As for the fish, most of them will be too tough for “long-armed” shrimp, although clumsy attempts to catch neighbors will definitely be present. It is best to focus on active species that occupy the upper and middle parts of the aquarium, for example, zebrafish, mollies, iris, barbs. Veil fish should be excluded, their long fins will be mercilessly plucked by shrimps. Caviar, fry, and small snails are also at risk.

Feeding Macrobrachium Shrimp

Macrobrachiums are omnivorous shrimps with an excellent appetite. It is recommended to feed them 3-4 times a day, as hungry shrimp will take an unhealthy interest in the neighbors in the aquarium.

The Tetra Crusta specialized shrimp food is the best choice for full growth and development. Their main feature is quality components and balance. It is known that feeding exclusively with animal food leads to an intensification of growth, shrimps have to shed more often, which does not have a very good effect on their health. High-quality dry food contains both animal and vegetable products, as well as a complex of vitamins for good health and longevity of crustaceans.

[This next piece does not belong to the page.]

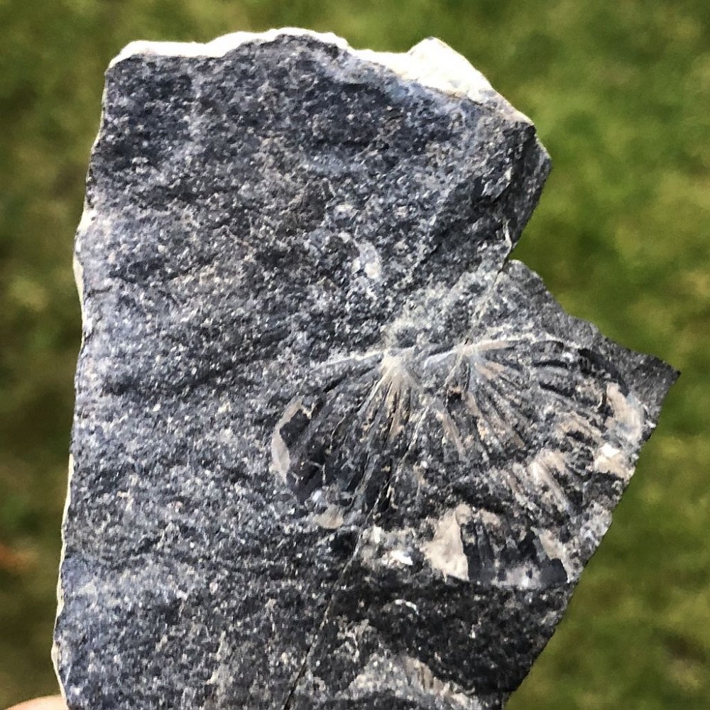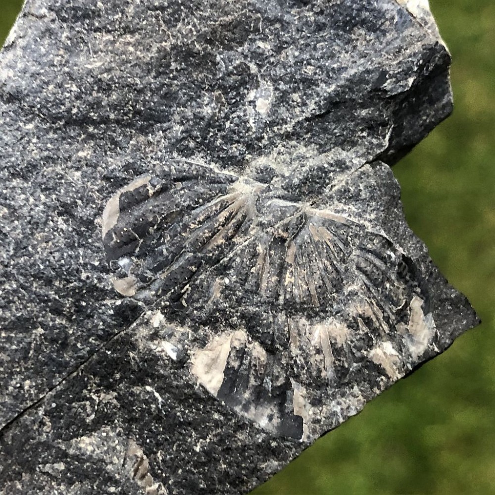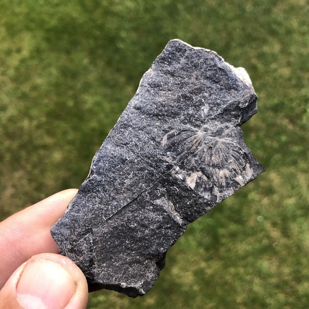 Ocasní štít trilobita druhu Spiniscutellum umbeliferum na vzorku z lokality Praha - Lochkov. Spodní devon.
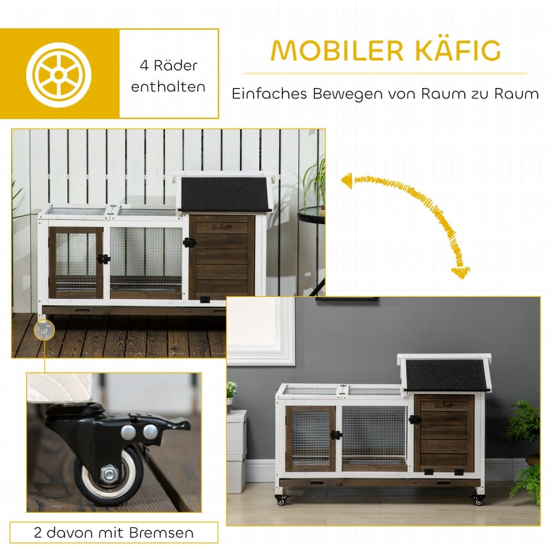 Small Animal Hutch for Dwarf Rabbits, Guinea Pigs, with Wheels, Coffee

It is worth noting that macrobrachium shrimp are capable of eating up some types of algae, for example, filamentous. In this case, living plants are usually not damaged.

Reproduction and breeding

It is quite possible to get offspring from macrobrachium shrimp at home. Difficulties arise only with species whose larvae develop in saltwater. Shrimp become sexually mature at the age of about six months. Only the strongest male has the ability to mate with a female, therefore, during the breeding season, especially fierce fights are observed between them, in which, as usual, there are combat losses of limbs and claws.

The male, who won the fight, finds the female following a special trail of pheromones and mates with her, holding her with the help of the same long claws. After a week, the female lays large, rounded eggs up to 1.5 mm in diameter in a secluded place. Then it attaches them to its abdominal legs (pleopods), where they remain until the young shrimp hatch. This allows for better preservation of the offspring, and the constant movements of the legs create a constant stream of water around the eggs.

After about a month, young shrimps are born, which immediately go in search of food. At first, it is pasture but has already reached a size of half a centimeter, young shrimps begin to hunt. At this time, they have increased growth, in a month a shrimp can grow by one centimeter.

Adult macrobrachiums can easily feast on their offspring, so if possible, it is recommended to transfer juveniles to a separate aquarium, where the shrimp grow up without danger of being eaten.

Alice White

Written by Alice White

Alice White, a devoted pet lover and writer, has turned her boundless affection for animals into a fulfilling career. Originally dreaming of wildlife, her limited scientific background led her to specialize in animal literature. Now she happily spends her days researching and writing about various creatures, living her dream.